From the material beneath, pull every line with the word "تحولات".

| Data records |
────────────────────────────────────────

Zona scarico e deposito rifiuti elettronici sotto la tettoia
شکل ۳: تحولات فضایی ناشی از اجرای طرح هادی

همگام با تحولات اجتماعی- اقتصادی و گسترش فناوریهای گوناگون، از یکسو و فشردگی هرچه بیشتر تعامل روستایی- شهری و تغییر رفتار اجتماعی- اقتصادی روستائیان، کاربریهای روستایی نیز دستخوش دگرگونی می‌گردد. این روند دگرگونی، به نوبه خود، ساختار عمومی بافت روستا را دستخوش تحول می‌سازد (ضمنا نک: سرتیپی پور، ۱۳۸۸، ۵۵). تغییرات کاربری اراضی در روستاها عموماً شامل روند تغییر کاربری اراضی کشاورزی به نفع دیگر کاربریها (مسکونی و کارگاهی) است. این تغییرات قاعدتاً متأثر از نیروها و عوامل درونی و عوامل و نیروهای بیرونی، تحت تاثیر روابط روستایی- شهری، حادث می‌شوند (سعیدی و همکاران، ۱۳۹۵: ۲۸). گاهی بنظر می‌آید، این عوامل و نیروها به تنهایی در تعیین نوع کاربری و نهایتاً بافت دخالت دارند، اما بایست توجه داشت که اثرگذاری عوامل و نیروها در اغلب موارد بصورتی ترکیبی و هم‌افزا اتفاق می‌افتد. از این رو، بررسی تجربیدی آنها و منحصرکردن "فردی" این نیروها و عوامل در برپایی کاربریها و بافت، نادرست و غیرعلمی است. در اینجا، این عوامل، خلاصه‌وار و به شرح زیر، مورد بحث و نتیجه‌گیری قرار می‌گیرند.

────────────────────────────────────────

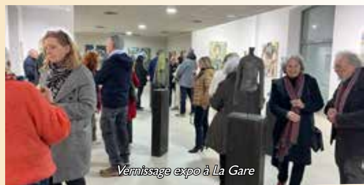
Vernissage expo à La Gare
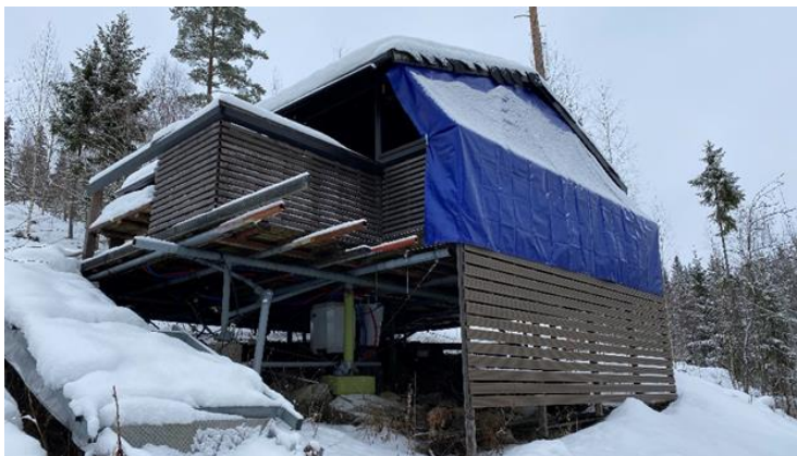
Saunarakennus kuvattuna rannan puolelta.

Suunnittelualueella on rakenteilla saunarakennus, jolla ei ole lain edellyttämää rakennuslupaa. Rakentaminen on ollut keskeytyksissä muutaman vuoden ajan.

────────────────────────────────────────

| Answer area |
شکل ۳: تحولات فضایی ناشی از اجرای طرح هادی
همگام با تحولات اجتماعی- اقتصادی و گسترش فناوریهای گوناگون، از یکسو و فشردگی هرچه بیشتر تعامل روستایی- شهری و تغییر رفتار اجتماعی- اقتصادی روستائیان، کاربریهای روستایی نیز دستخوش دگرگونی می‌گردد. این روند دگرگونی، به نوبه خود، ساختار عمومی بافت روستا را دستخوش تحول می‌سازد (ضمنا نک: سرتیپی پور، ۱۳۸۸، ۵۵). تغییرات کاربری اراضی در روستاها عموماً شامل روند تغییر کاربری اراضی کشاورزی به نفع دیگر کاربریها (مسکونی و کارگاهی) است. این تغییرات قاعدتاً متأثر از نیروها و عوامل درونی و عوامل و نیروهای بیرونی، تحت تاثیر روابط روستایی- شهری، حادث می‌شوند (سعیدی و همکاران، ۱۳۹۵: ۲۸). گاهی بنظر می‌آید، این عوامل و نیروها به تنهایی در تعیین نوع کاربری و نهایتاً بافت دخالت دارند، اما بایست توجه داشت که اثرگذاری عوامل و نیروها در اغلب موارد بصورتی ترکیبی و هم‌افزا اتفاق می‌افتد. از این رو، بررسی تجربیدی آنها و منحصرکردن "فردی" این نیروها و عوامل در برپایی کاربریها و بافت، نادرست و غیرعلمی است. در اینجا، این عوامل، خلاصه‌وار و به شرح زیر، مورد بحث و نتیجه‌گیری قرار می‌گیرند.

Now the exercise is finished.